## Problem to solve
Would you please transcribe, exactly as written, the lines of the entries below starting at the one that holds "Elegant Maroon Anarkali" and ending at the one that holds "This painting is", both included?

## Data listing

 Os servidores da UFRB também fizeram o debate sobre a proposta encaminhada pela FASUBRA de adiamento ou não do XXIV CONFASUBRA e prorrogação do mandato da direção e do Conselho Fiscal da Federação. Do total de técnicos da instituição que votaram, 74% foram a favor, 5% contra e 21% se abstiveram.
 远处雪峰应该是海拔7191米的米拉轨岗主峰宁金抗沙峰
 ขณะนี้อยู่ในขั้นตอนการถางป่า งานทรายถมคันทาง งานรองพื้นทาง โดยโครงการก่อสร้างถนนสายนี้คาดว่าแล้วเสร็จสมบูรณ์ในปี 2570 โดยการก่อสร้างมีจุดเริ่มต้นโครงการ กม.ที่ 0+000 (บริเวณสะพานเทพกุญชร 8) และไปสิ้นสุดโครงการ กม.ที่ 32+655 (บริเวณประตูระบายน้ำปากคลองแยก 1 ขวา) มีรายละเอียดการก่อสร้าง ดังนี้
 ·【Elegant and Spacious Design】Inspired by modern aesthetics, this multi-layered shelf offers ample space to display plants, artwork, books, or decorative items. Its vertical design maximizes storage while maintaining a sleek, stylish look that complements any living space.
==
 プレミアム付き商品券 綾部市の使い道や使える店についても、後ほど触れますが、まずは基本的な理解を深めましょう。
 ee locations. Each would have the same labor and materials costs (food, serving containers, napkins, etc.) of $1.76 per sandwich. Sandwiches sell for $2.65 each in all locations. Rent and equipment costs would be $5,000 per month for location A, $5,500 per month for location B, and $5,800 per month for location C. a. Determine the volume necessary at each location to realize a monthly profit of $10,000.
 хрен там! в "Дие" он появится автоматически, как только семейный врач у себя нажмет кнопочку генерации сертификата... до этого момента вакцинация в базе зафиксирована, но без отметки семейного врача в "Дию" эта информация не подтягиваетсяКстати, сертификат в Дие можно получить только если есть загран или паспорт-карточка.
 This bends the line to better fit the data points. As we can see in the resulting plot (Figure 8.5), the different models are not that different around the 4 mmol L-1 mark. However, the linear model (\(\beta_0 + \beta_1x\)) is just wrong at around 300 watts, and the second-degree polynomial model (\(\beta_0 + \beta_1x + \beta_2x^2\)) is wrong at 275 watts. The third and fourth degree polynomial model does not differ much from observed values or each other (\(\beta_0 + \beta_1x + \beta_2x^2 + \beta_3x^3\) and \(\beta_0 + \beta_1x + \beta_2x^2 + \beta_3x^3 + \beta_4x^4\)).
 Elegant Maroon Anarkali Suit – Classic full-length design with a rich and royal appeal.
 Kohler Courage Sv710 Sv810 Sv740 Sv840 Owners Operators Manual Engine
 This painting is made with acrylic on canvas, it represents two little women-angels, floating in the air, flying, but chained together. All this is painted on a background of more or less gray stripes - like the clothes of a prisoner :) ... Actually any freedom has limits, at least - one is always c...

## Solution to this exercise
 Elegant Maroon Anarkali Suit – Classic full-length design with a rich and royal appeal.
 Kohler Courage Sv710 Sv810 Sv740 Sv840 Owners Operators Manual Engine
 This painting is made with acrylic on canvas, it represents two little women-angels, floating in the air, flying, but chained together. All this is painted on a background of more or less gray stripes - like the clothes of a prisoner :) ... Actually any freedom has limits, at least - one is always c...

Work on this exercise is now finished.